A poster-only submission should take the form of a poster in PDF format (1-page PDF of maximum size 5MB in landscape orientation). Attendees will only have regular computer screens to see it in its entirety, so please do not over-crowd your poster. The title should be on the top of the poster and use large fonts, as this is what will be shown to attendees as they approach your poster. Author names do not need to be anonymised during submission. A light-weight editorial review will be carried out, and only posters of no relevance to the community will be rejected. For poster-only submissions, you are welcome to submit research that has previously appeared in a journal, workshop, or conference (including the NeurIPS 2021 conference and AABI), as the aim of the poster presentation is to be a platform for discussions and to advertise your work with your colleagues.
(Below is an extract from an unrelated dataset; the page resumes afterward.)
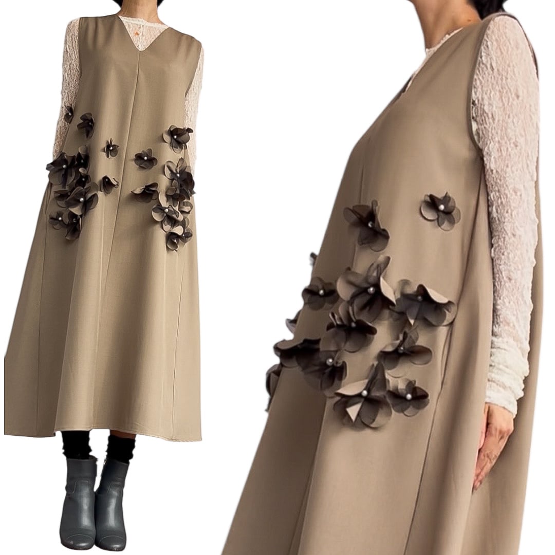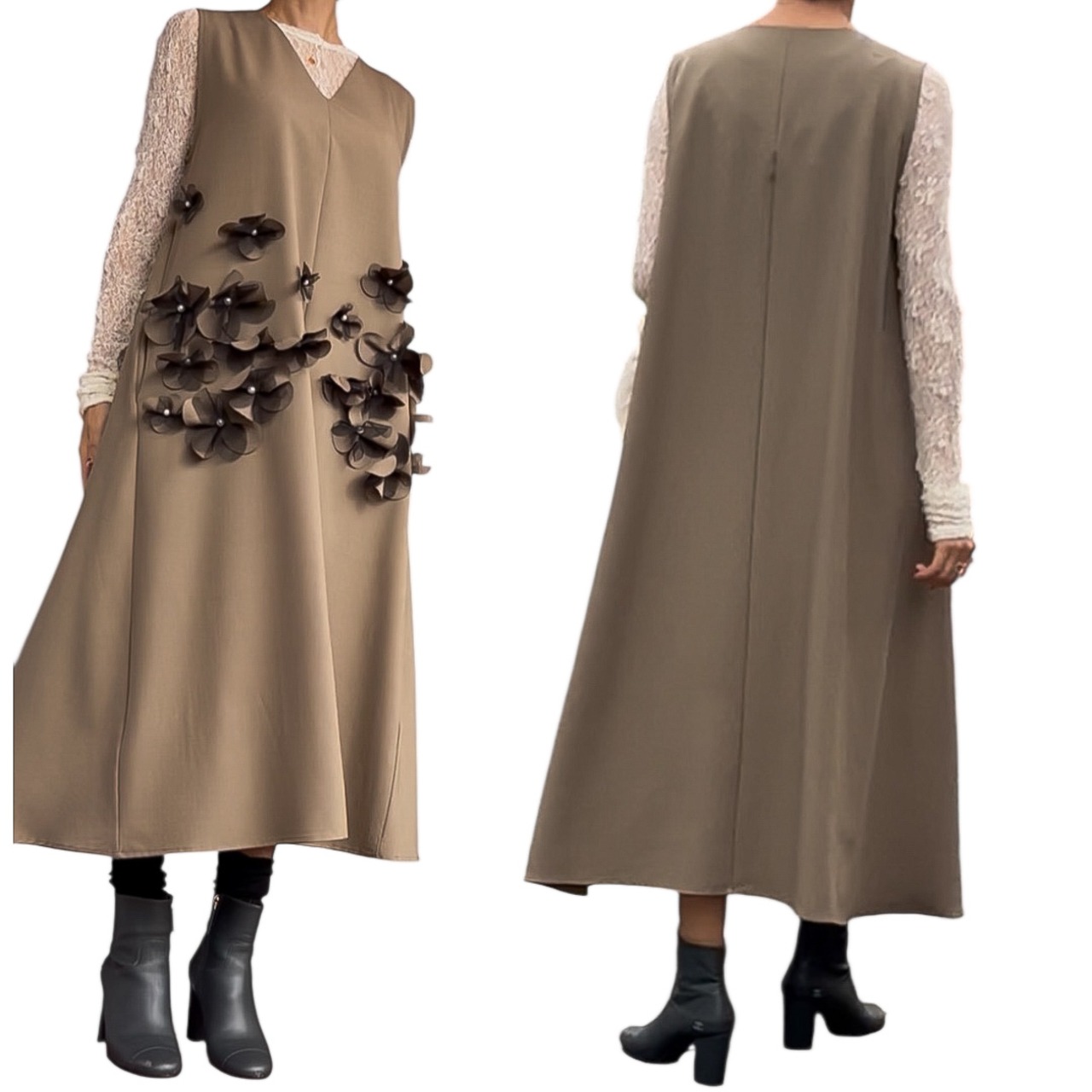 【ワンピース】Vネックフラワーパールワンピース・カーキ

Extended abstracts should be submitted by Oct 8, 2021, AoE; submission page is here. Final versions will be posted on the workshop website (and are archival but do not constitute a proceedings). Notification of acceptance will be made before Oct 30, 2021, AoE. Posters should be submitted by Dec 1, 2021, AoE; submission page will be provided towards the date.

Key Dates:

  • Extended abstract submission deadline: Oct 8, 2021, AoE (submission page is here)
  • Acceptance notification: before Oct 30, 2021, AoE
  • Poster submission deadline: Dec 1, 2021, AoE (submission page will be provided towards the date)
  • Workshop: Tuesday, December 14, 2021

Please make sure to apply to the NeurIPS workshop registration to participate in the event.

Topics

  • Uncertainty in deep learning,
  • Applications of Bayesian deep learning,
  • Reliability of BDL techniques in downstream tasks,
  • Probabilistic deep models (such as extensions and application of Bayesian neural networks),
  • Deep probabilistic models (such as hierarchical Bayesian models and their applications),
  • Generative deep models (such as variational autoencoders),
  • Information theory in deep learning,
  • Deep ensemble uncertainty,
  • NTK and Bayesian modelling,
  • Connections between NNs and GPs,
  • Incorporating explicit prior knowledge in deep learning (such as posterior regularisation with logic rules),
  • Approximate inference for Bayesian deep learning (such as variational Bayes / expectation propagation / etc. in Bayesian neural networks),
  • Scalable MCMC inference in Bayesian deep models,
  • Deep recognition models for variational inference (amortised inference),
  • Bayesian deep reinforcement learning,
  • Deep learning with small data,
  • Deep learning in Bayesian modelling,
  • Probabilistic semi-supervised learning techniques,
  • Active learning and Bayesian optimisation for experimental design,
  • Kernel methods in Bayesian deep learning,
  • Implicit inference,
  • Applying non-parametric methods, one-shot learning, and Bayesian deep learning in general.